Вот именно!.. Как видно, и Пушкину досаждали...
Крупность души, скорее всего, можно объяснить еще и тем, что чистый лирик по миропониманию, Бахытжан корневой системой сознания чувствовал казахский эпос. Мне также очень близки эпические сказания казахов, вообще тюркского мира, я читала прозаические и стихотворные переводы, и как раз переведенная Канапьяновым поэма «Кыз Жибек» заставила ревностно мечтать о том, чтобы переложить русскими стихами «Козы Корпеш и Баян Сулу». Читала я русскую версию весьма пристрастно и понимала, что есть в ней достоинства, невозможные в работе «варягов», нанятых со стороны.

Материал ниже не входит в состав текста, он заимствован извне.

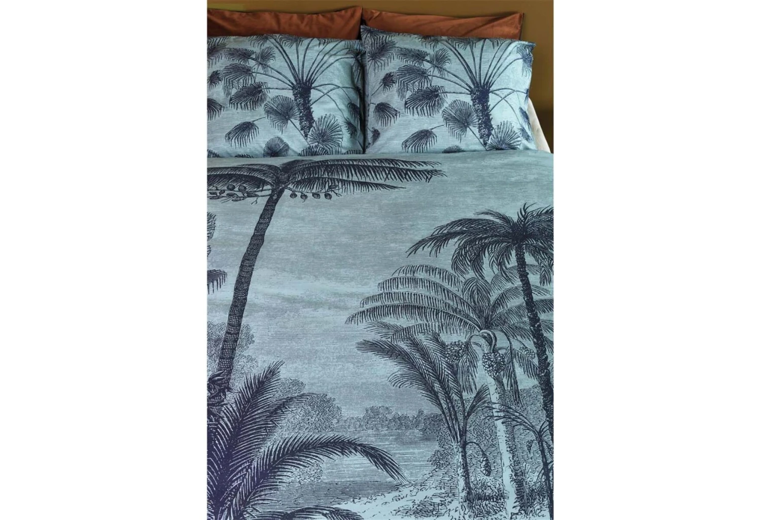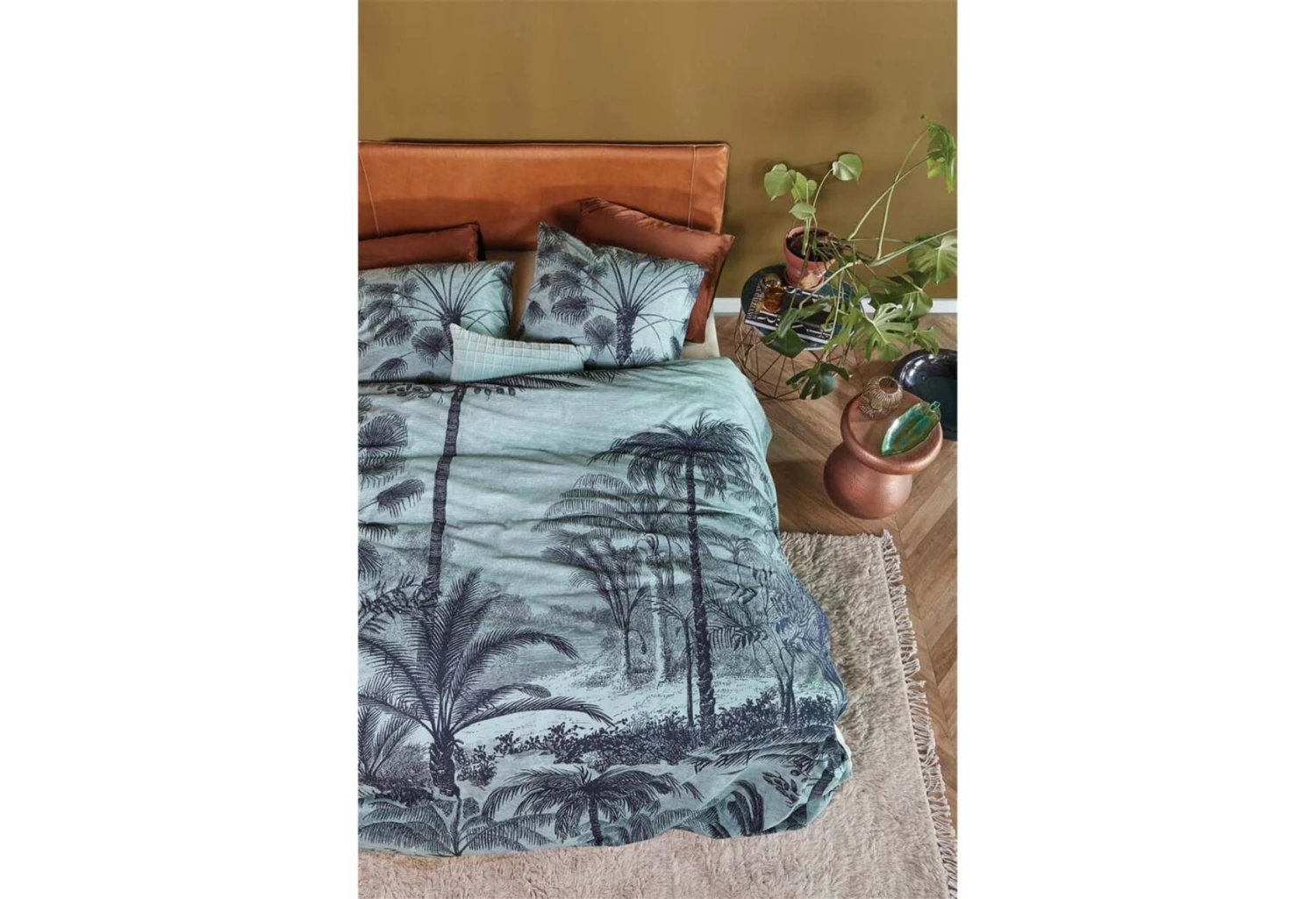 Eine prachtvolle botanische Landschaft ziert die Bettwäsche Tour du Monde aus der Kollektion At Home by Beddinghouse. Auf der Zeichnung sind verschiedene Palmen zu sehen. Die gedruckte schwarze Strichzeichnung kommt auf dem einfarbigen Untergrund besonders gut zur Geltung. Die Bettwäsche Tour du Mond ist wie ein Gemälde im Schlafzimmer. Die Bettwäsche ist aus hochwertiger reiner Baumwolle, 144 TC, gefertigt. Der Bettbezug ist mit einem Reißverschluss ausgestattet.

Недавно случайно, будто прочла чужое незапечатанное письмо, довелось прикоснуться к тому, как автор готовил перевод «Кыз Жибек» к переизданию. Оно вот-вот увидит свет. Исправления, замены, нелегкий поиск нужного слова здесь же на странице, вереницы синонимов, россыпь эпитетов, новые, только что сочиненные строчки – какая добросовестность, вгоняющая в пот наборщиков, какая смелость нужны, чтобы решительно погрузиться в поток, отбушевавший много лет назад, чтобы воскресить свежесть и чистоту поэтического создания.
III
Бесстрашие перед листом белой бумаги – завидная доблесть, оно не покидало Бахытжана. Потому-то в его духовном арсенале столь важен приобретенный с годами жизненный опыт, накопленная из книг и путешествий образованность. Как важно и сохранение молодой непосредственности. Нельзя не заметить, что здравый смысл – опорный камень степного менталитета – в высшей степени присутствует в поведении Бахытжана, что, разумеется, ничуть не мешает ему увлекаться и мечтать.
Для меня до сих пор загадка, как Бахытжан решился «построить» издательский дом «Жибек жолы». Безденежные друзья-товарищи, – а недруги, как только приказала долго жить прежняя издательская система, мгновенно превратились в таковых – конечно, контингент хлопотный и малоблагодарный. Но поскольку президент издательского дома объявил Алма-Ату столицей поэзии, а кроме того, принял решение – непременно выпустить в порядке безвозмездной помощи по книжке каждого своего литературного знакомца, об отступлении от благородного замысла пришлось забыть.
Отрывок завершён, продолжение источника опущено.